*** GIVEN INFORMATION

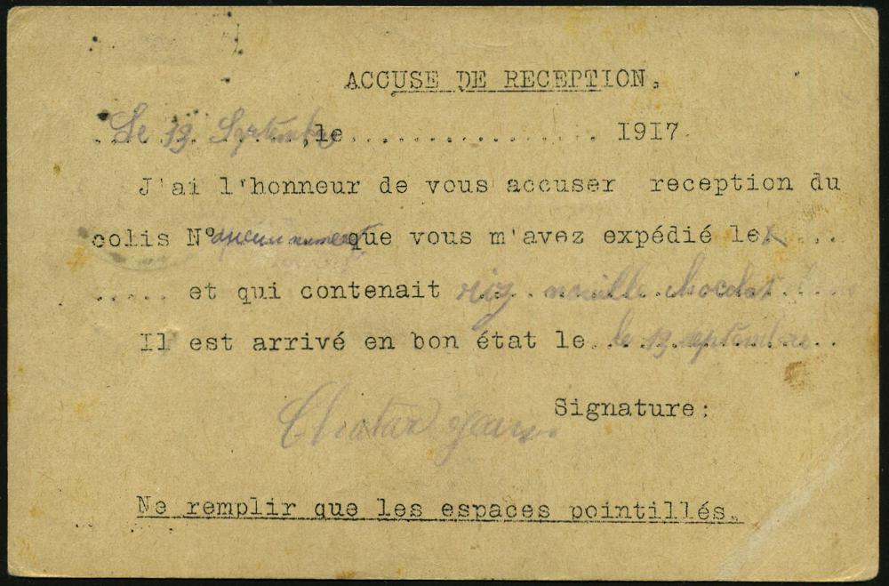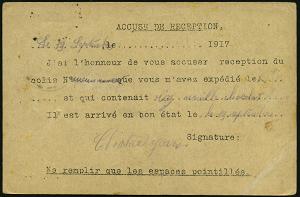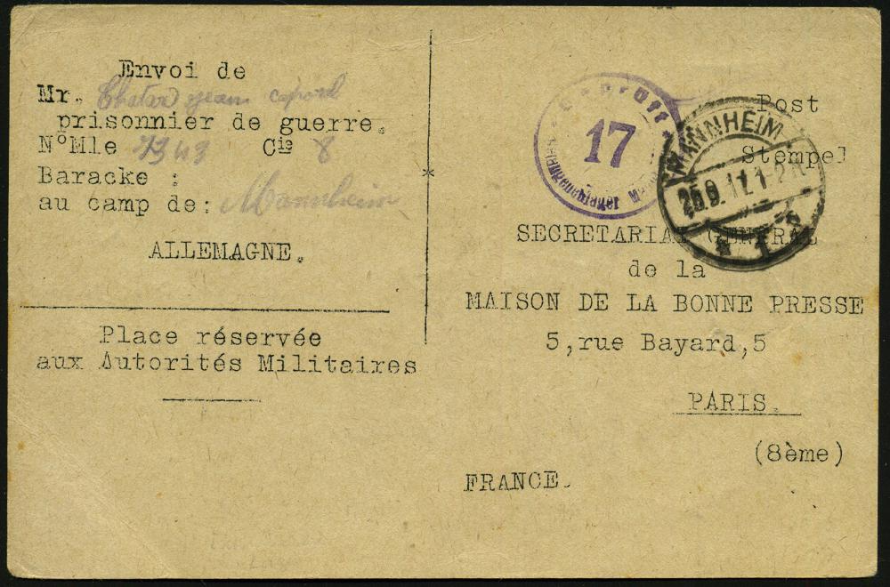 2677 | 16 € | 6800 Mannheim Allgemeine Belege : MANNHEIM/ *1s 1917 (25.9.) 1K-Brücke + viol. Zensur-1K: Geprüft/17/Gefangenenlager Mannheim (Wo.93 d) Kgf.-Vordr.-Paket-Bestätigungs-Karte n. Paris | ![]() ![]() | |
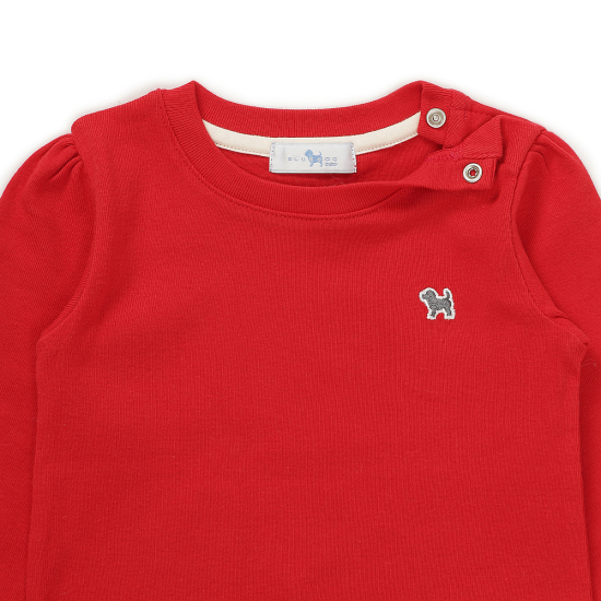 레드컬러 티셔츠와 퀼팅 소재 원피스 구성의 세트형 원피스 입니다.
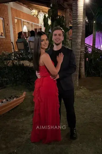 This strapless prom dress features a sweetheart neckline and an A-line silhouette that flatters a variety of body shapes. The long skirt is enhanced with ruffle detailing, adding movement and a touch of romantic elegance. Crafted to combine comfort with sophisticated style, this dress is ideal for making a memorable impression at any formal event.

******
*** GIVEN INFORMATION

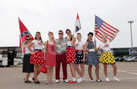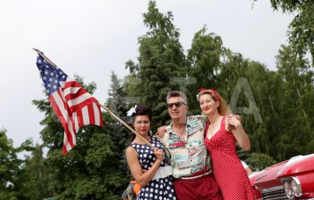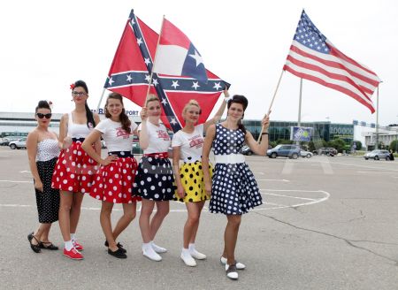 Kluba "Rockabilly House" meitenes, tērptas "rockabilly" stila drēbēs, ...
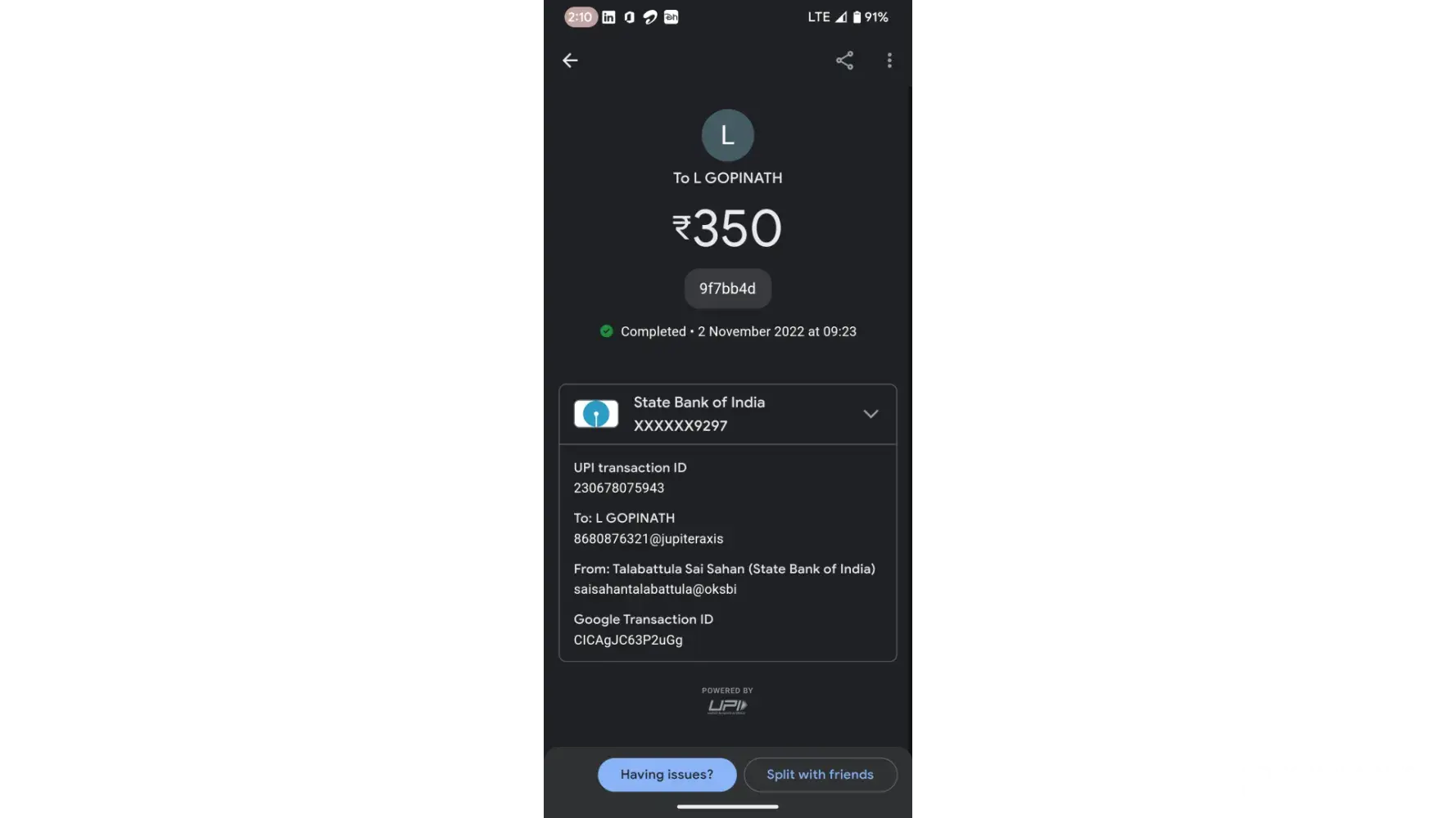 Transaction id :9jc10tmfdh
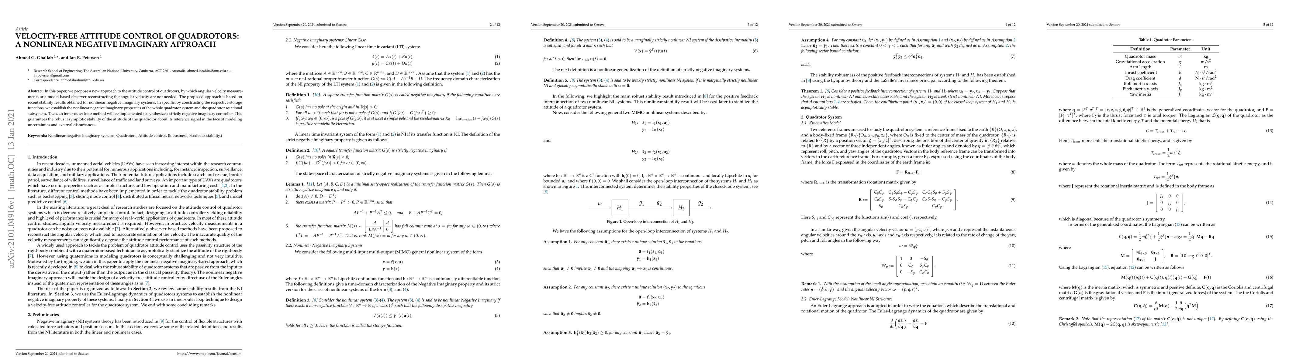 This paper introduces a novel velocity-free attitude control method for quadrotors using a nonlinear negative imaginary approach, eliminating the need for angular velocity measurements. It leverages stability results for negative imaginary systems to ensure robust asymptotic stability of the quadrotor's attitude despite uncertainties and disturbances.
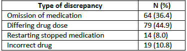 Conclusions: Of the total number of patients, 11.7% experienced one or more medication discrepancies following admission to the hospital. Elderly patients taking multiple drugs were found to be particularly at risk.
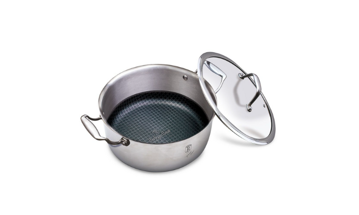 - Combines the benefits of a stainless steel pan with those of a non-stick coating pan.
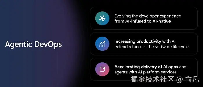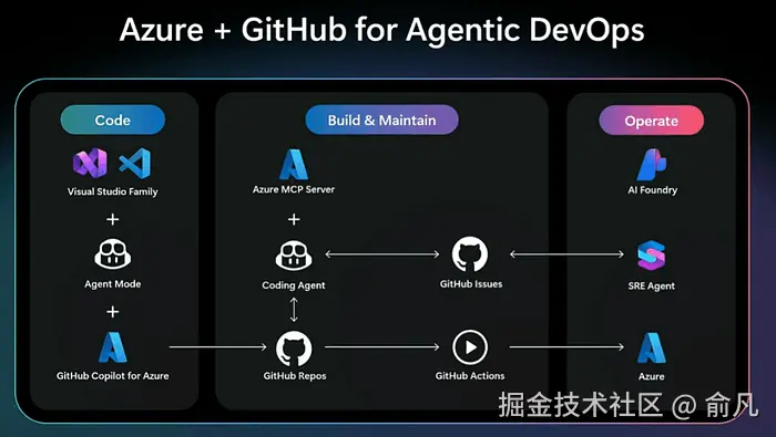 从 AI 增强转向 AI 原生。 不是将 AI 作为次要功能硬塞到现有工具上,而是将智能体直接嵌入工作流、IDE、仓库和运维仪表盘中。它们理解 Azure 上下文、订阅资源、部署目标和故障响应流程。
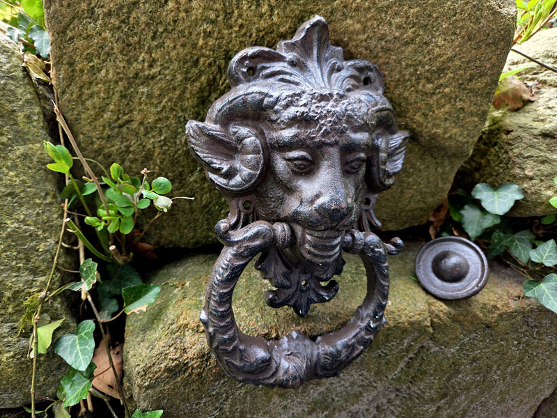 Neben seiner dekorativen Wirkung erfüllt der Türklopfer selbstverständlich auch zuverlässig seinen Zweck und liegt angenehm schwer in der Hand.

******

Exercise for the records above: copy only the lines from the one with "레드컬러 티셔츠와 퀼팅 소재 원피스 구성의 세트형 원피스 입니다." to the one with "This strapless prom", both ends kept, and drop the pictures.

 레드컬러 티셔츠와 퀼팅 소재 원피스 구성의 세트형 원피스 입니다.
 This strapless prom dress features a sweetheart neckline and an A-line silhouette that flatters a variety of body shapes. The long skirt is enhanced with ruffle detailing, adding movement and a touch of romantic elegance. Crafted to combine comfort with sophisticated style, this dress is ideal for making a memorable impression at any formal event.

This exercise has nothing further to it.